(WHAT IS REQUIRED)
A faithful transcription of all the data, images excluded, is the required answer.

(Beginning of MATERIAL FOR THE TASK)

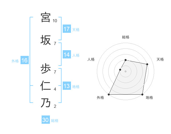 宮坂 歩仁乃さんを姓名の画数から五運を鑑定
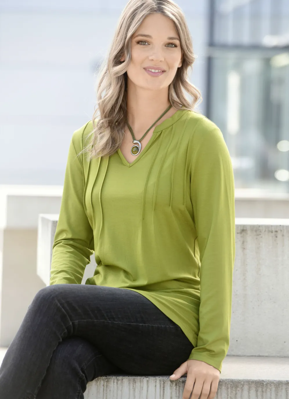 Feminines Shirt in Kiwigrün mit Biesen im Vorderteil.
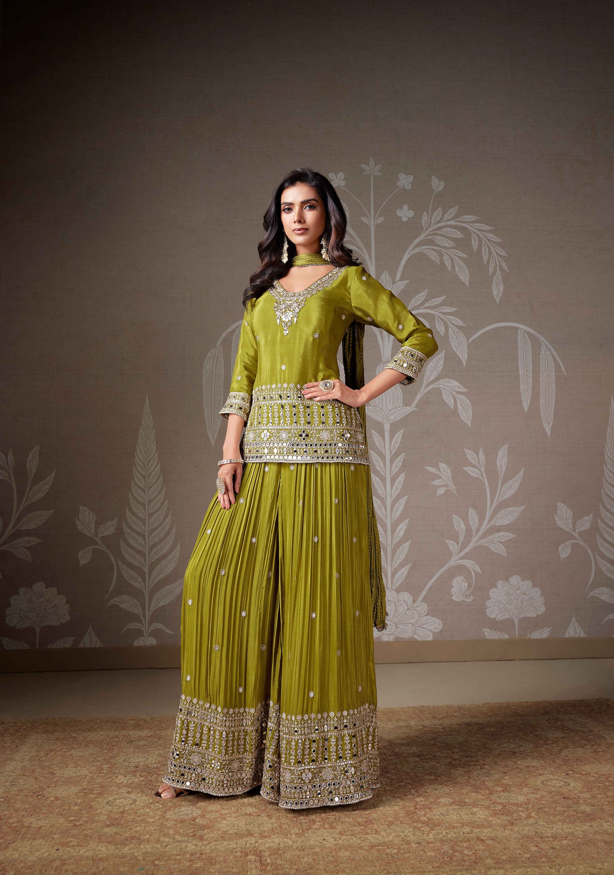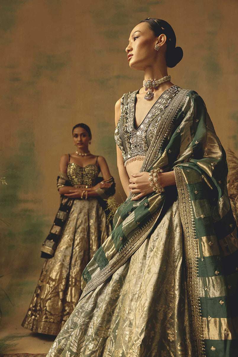 GREEN BANARASI MIRROR EMBROIDERED LEHENGA SET
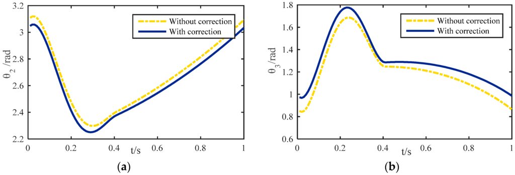 Substituting Equation (17) into Equation (2), the modified joint angles and can be obtained. However, it is difficult to solve because Λx, Λy, and all have a relationship with and . Here, it is approximately solved by using uncorrected joint angles.
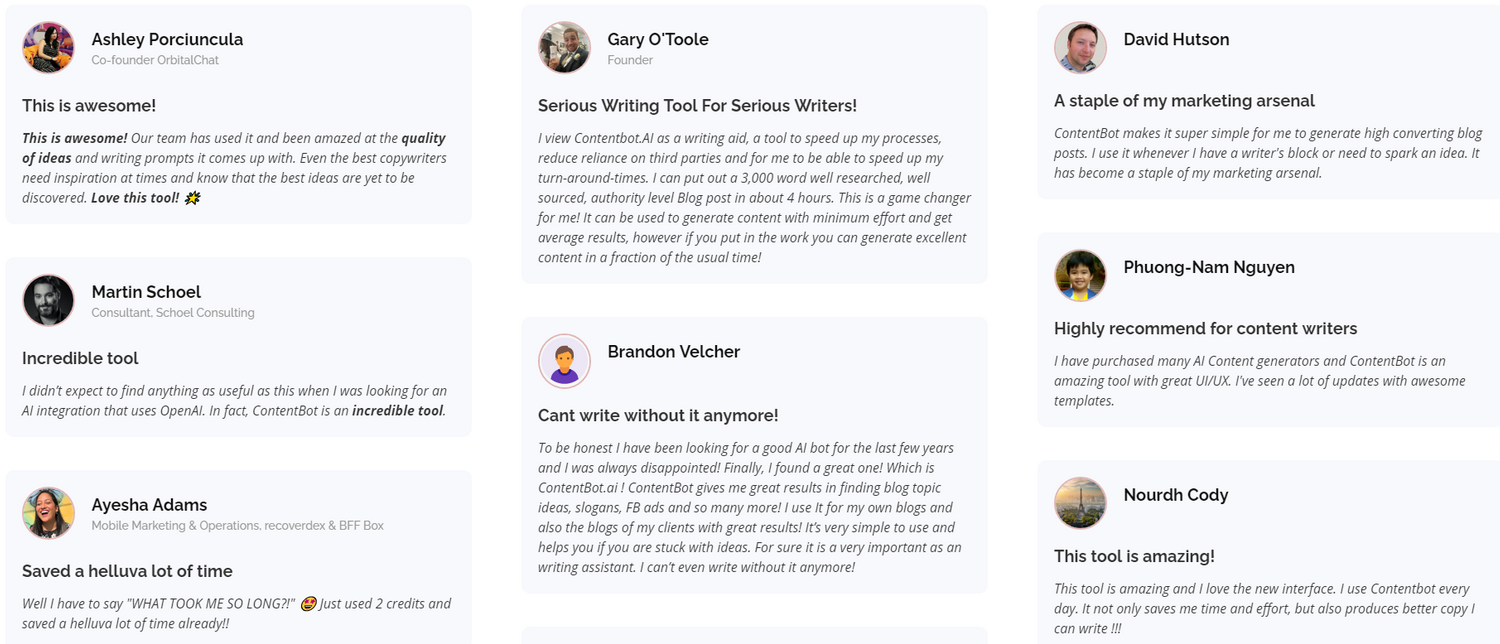 Content Bot is a great solution for: Bloggers, marketers, and copywriters who want to speed up content creation by leveraging the power of an AI assistant. They have a large team behind the product so I am optimistic they will keep innovating and release more features that set them apart from the alternatives for generating AI blog posts. You won't get really high quality content from a 1 click blog post, but it still has plenty of uses. It could be used for generating traffic by creating or rewriting answers for Quora, etc. For money site articles, I will continue using Jasper AI's long form writing assistant.
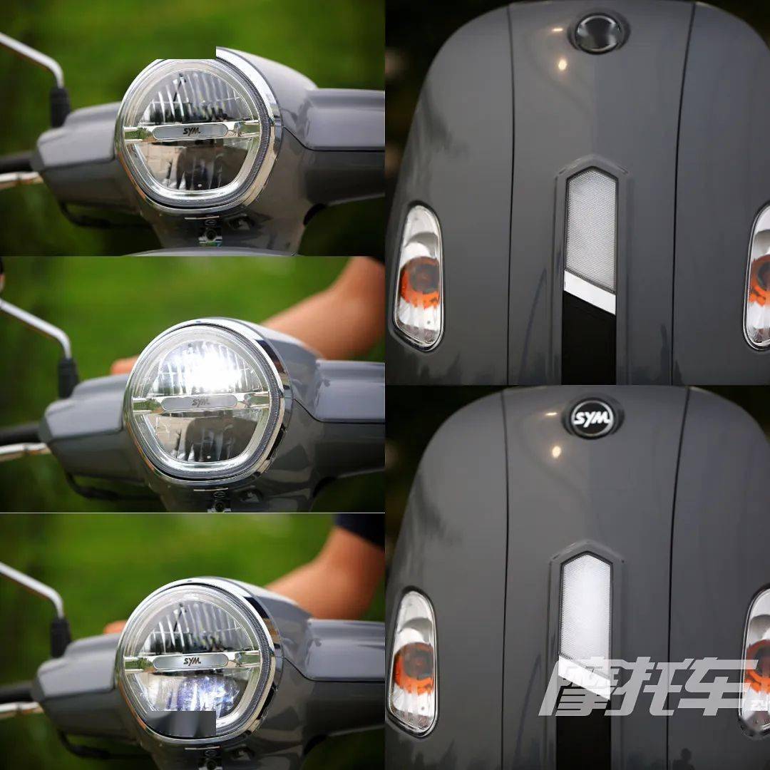FIDDLE 125 ABS在車頭部分同時(shí)運(yùn)用了圓潤和硬直線條兩種設(shè)計(jì)風(fēng)格,上下分層的圓形大燈、圓形后視鏡、前面板邊緣處理是圓潤的復(fù)古風(fēng),而前面板上不規(guī)則多邊形的中央裝飾條和位置燈則起到了增強(qiáng)現(xiàn)代感和時(shí)尚感點(diǎn)綴作用,這樣的設(shè)計(jì)也比老款將位置燈和轉(zhuǎn)向燈放置在一起的做法高明不少。車身后半部分同樣驚艷,流線感的凹凸線條輔以上揚(yáng)的車尾,強(qiáng)化了車輛的動感。全車采用LED燈光,復(fù)古風(fēng)的圓形大燈采用分層設(shè)計(jì),上層為近光燈,下層遠(yuǎn)光燈,中間有三陽LOGO的裝飾條,比老款的鹵素大燈更加美觀。

(End of MATERIAL FOR THE TASK)

(EXERCISE ANSWER)
 宮坂 歩仁乃さんを姓名の画数から五運を鑑定
 Feminines Shirt in Kiwigrün mit Biesen im Vorderteil.
 GREEN BANARASI MIRROR EMBROIDERED LEHENGA SET
 Substituting Equation (17) into Equation (2), the modified joint angles and can be obtained. However, it is difficult to solve because Λx, Λy, and all have a relationship with and . Here, it is approximately solved by using uncorrected joint angles.
 Content Bot is a great solution for: Bloggers, marketers, and copywriters who want to speed up content creation by leveraging the power of an AI assistant. They have a large team behind the product so I am optimistic they will keep innovating and release more features that set them apart from the alternatives for generating AI blog posts. You won't get really high quality content from a 1 click blog post, but it still has plenty of uses. It could be used for generating traffic by creating or rewriting answers for Quora, etc. For money site articles, I will continue using Jasper AI's long form writing assistant.
FIDDLE 125 ABS在車頭部分同時(shí)運(yùn)用了圓潤和硬直線條兩種設(shè)計(jì)風(fēng)格,上下分層的圓形大燈、圓形后視鏡、前面板邊緣處理是圓潤的復(fù)古風(fēng),而前面板上不規(guī)則多邊形的中央裝飾條和位置燈則起到了增強(qiáng)現(xiàn)代感和時(shí)尚感點(diǎn)綴作用,這樣的設(shè)計(jì)也比老款將位置燈和轉(zhuǎn)向燈放置在一起的做法高明不少。車身后半部分同樣驚艷,流線感的凹凸線條輔以上揚(yáng)的車尾,強(qiáng)化了車輛的動感。全車采用LED燈光,復(fù)古風(fēng)的圓形大燈采用分層設(shè)計(jì),上層為近光燈,下層遠(yuǎn)光燈,中間有三陽LOGO的裝飾條,比老款的鹵素大燈更加美觀。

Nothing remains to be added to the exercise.